Pressure-driven flow within the plane of a confined thin porous medium (TPM) takes place in a number of natural and industrial processes. This includes flow during manufacturing of fibre-reinforced polymer composites with liquid moulding processes (Frishfelds et al 2011; Nordlund and Lundström 2008; Tan and Pillai 2012), passive mixing in microfluidic systems (Jeon and Shin 2009), and paper making (Lundström et al 2002; Singh et al 2015).

The TPM considered here is a simplified, well-structured model of a porous medium where the solid parts have the shape of vertical cylinders placed on equal interspatial distance from each other in a quadratic pattern. The array of cylinders is placed between two parallel plates, and hence, the permeability of this quadratic array depends generally on both the diameter and height of the cylinders, as well as their interspatial distance (Fabricius et al 2016).

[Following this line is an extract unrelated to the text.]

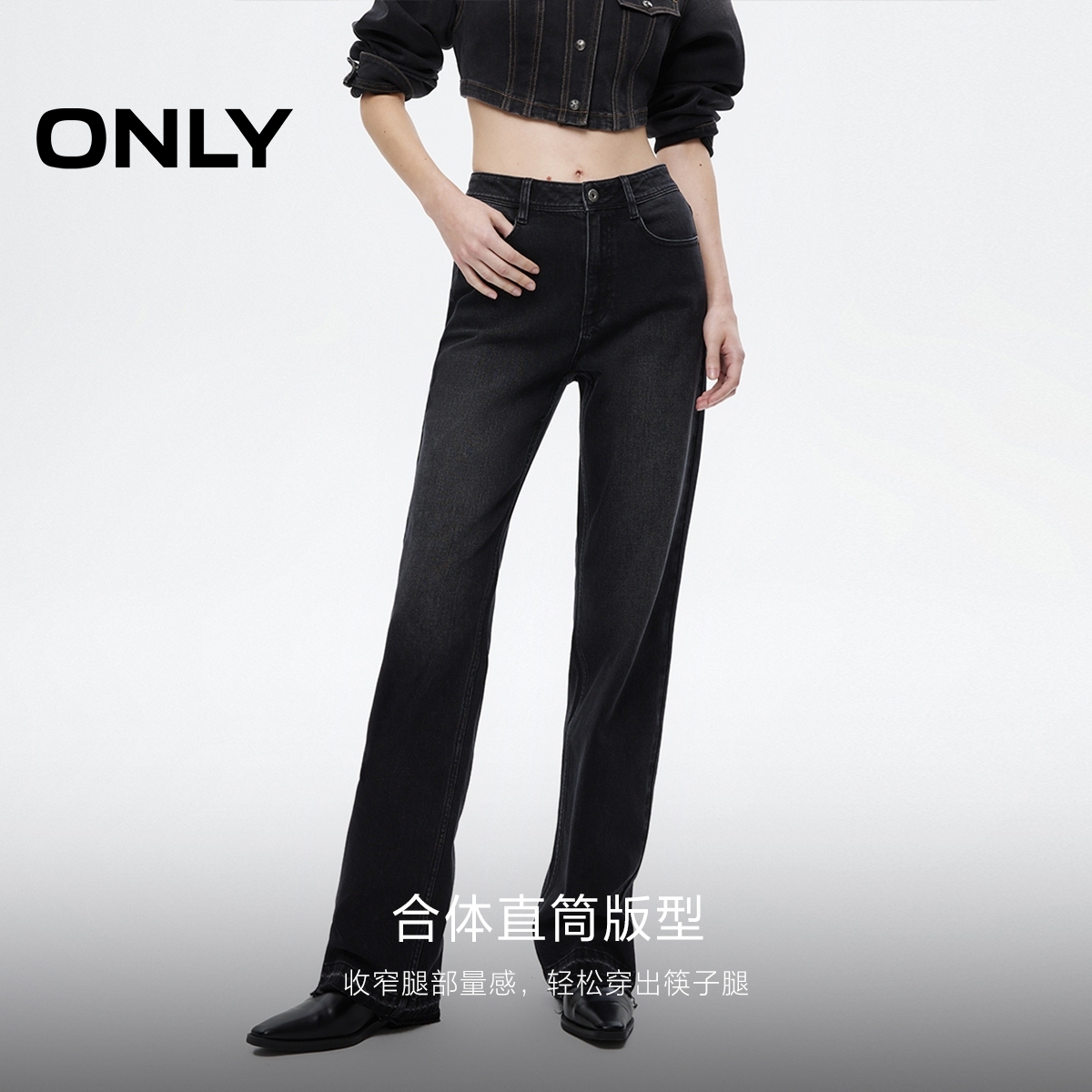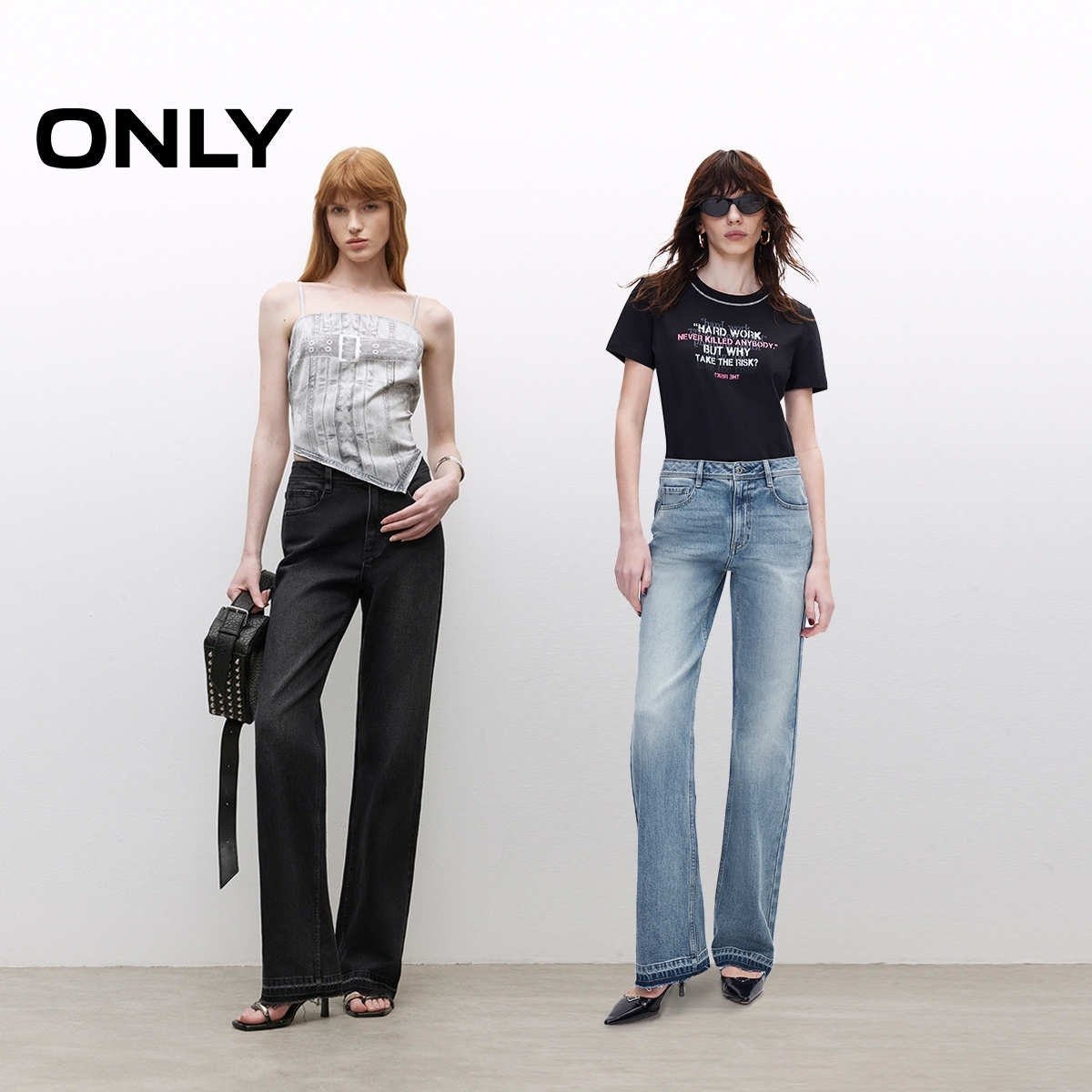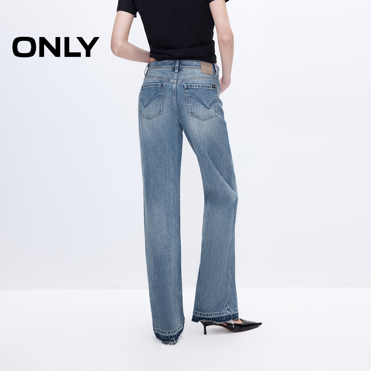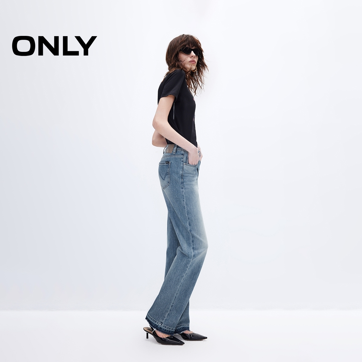 女 做旧复古皮牌斜插高腰松弛显瘦宽松直筒牛仔裤 ONLY2025秋季 新款

Depending on the geometrical ratios, three types of TPM can be distinguished (Fabricius et al 2016). Very thin porous medium (VTPM) where the cylinder height is much smaller than the interspatial distance, proportionally thin porous medium (PTPM) where the cylinder height is proportional to the interspatial distance, and homogeneously thin porous medium (HTPM) where the cylinder height is much larger than the interspatial distance.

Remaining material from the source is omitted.